--- Task statement ---
Transcribe the listing underneath, keeping each word exact and omitting the images.

--- Data segment ---

----------------

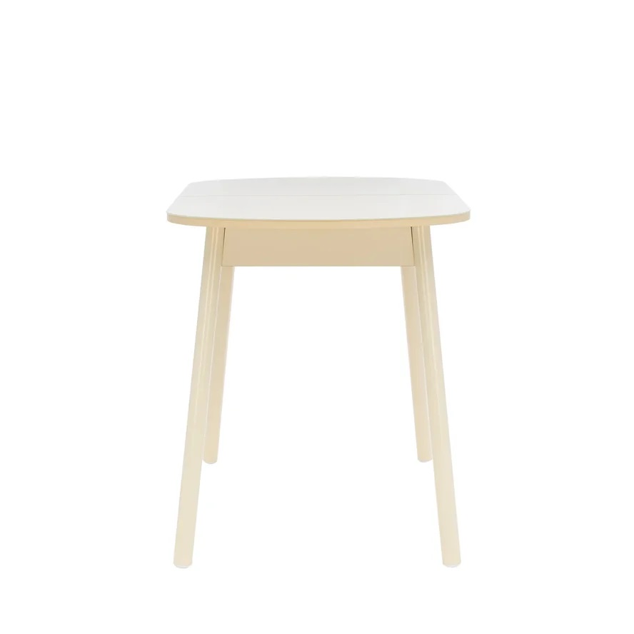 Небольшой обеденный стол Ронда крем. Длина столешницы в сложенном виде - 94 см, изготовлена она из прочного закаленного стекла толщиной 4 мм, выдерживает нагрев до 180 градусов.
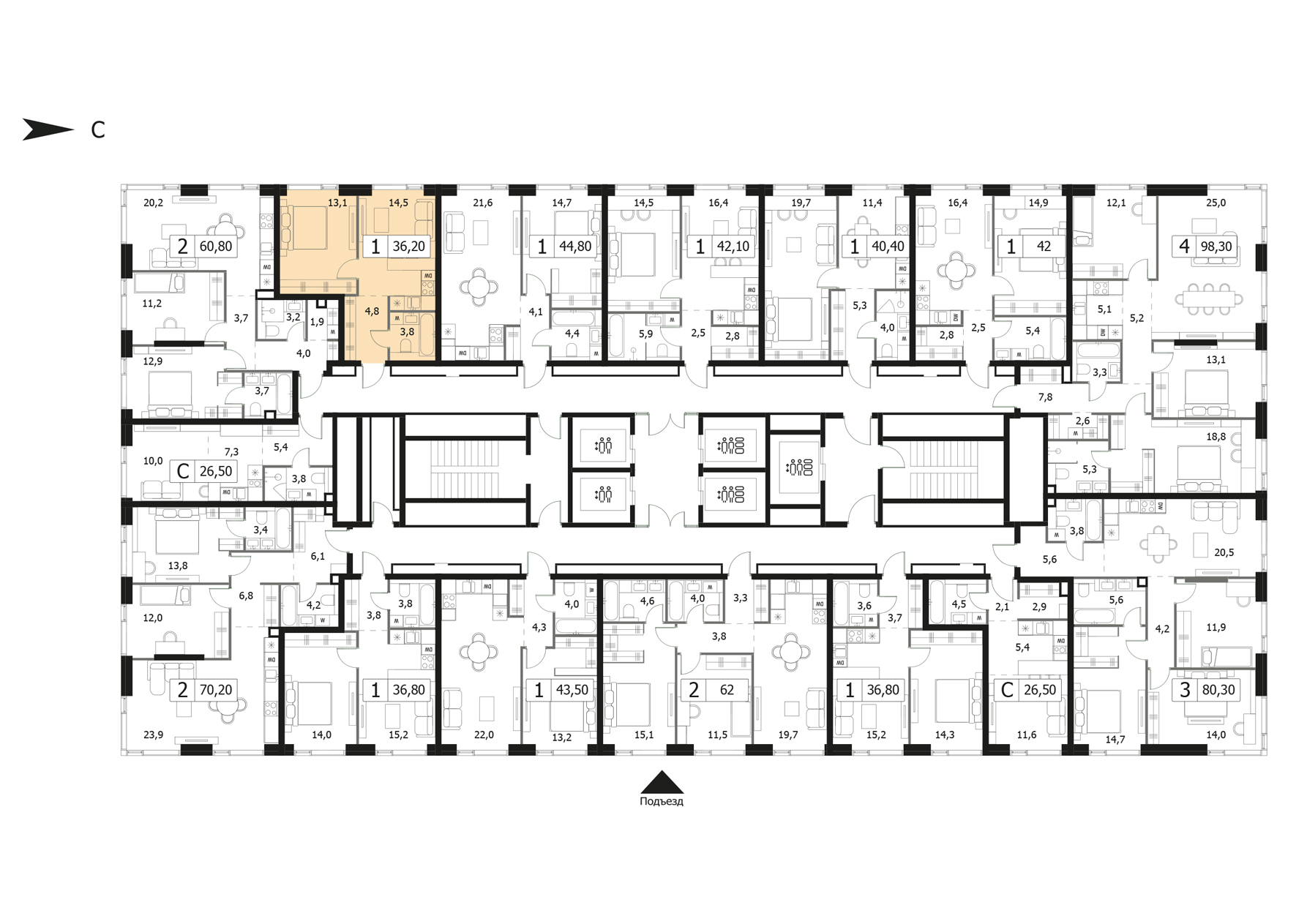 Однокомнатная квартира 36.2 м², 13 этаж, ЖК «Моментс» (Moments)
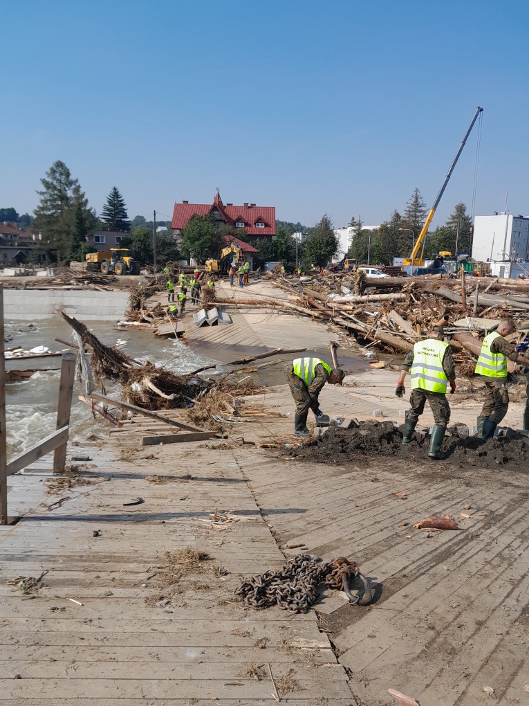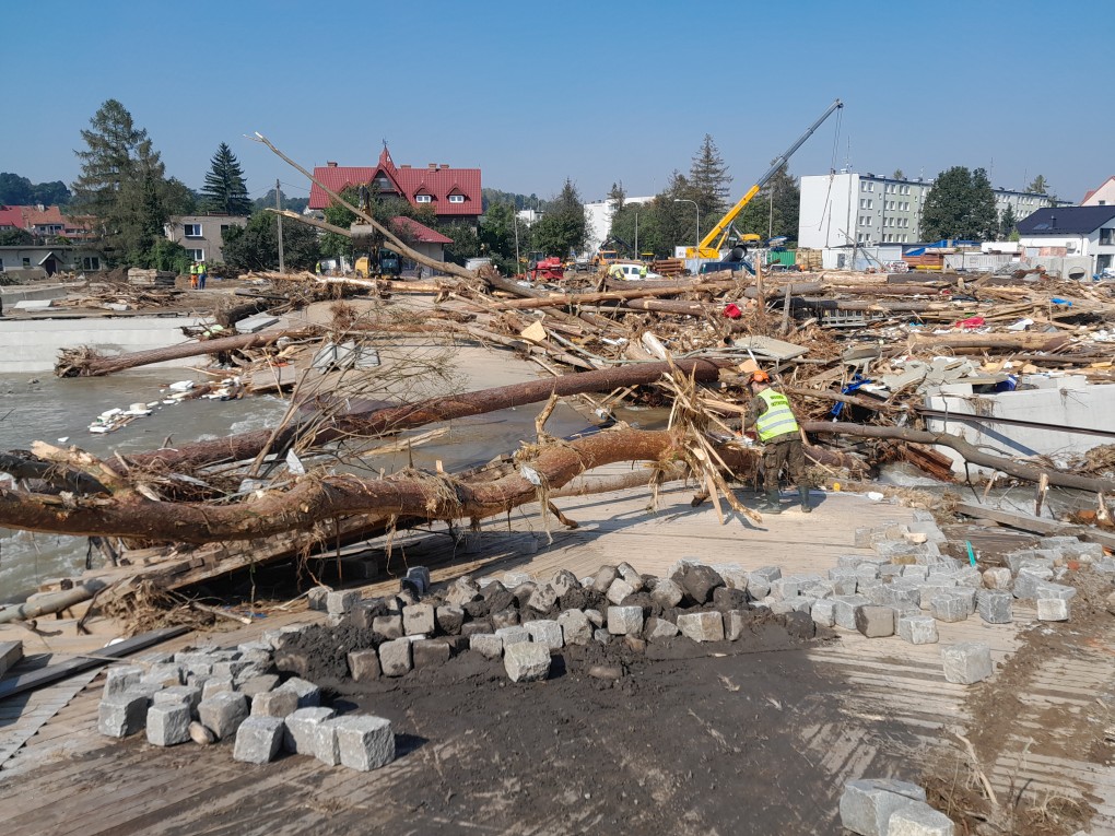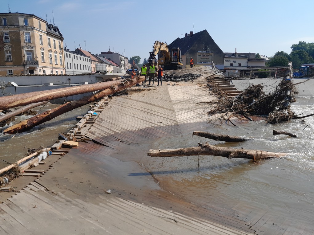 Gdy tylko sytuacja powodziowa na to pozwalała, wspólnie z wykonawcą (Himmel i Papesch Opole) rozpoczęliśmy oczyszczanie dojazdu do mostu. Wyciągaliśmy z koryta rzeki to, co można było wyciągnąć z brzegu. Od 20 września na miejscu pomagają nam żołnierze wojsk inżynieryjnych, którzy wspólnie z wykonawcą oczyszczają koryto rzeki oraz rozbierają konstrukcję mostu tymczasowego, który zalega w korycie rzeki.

----------------

--- Your response ---
 Небольшой обеденный стол Ронда крем. Длина столешницы в сложенном виде - 94 см, изготовлена она из прочного закаленного стекла толщиной 4 мм, выдерживает нагрев до 180 градусов.
 Однокомнатная квартира 36.2 м², 13 этаж, ЖК «Моментс» (Moments)
 Gdy tylko sytuacja powodziowa na to pozwalała, wspólnie z wykonawcą (Himmel i Papesch Opole) rozpoczęliśmy oczyszczanie dojazdu do mostu. Wyciągaliśmy z koryta rzeki to, co można było wyciągnąć z brzegu. Od 20 września na miejscu pomagają nam żołnierze wojsk inżynieryjnych, którzy wspólnie z wykonawcą oczyszczają koryto rzeki oraz rozbierają konstrukcję mostu tymczasowego, który zalega w korycie rzeki.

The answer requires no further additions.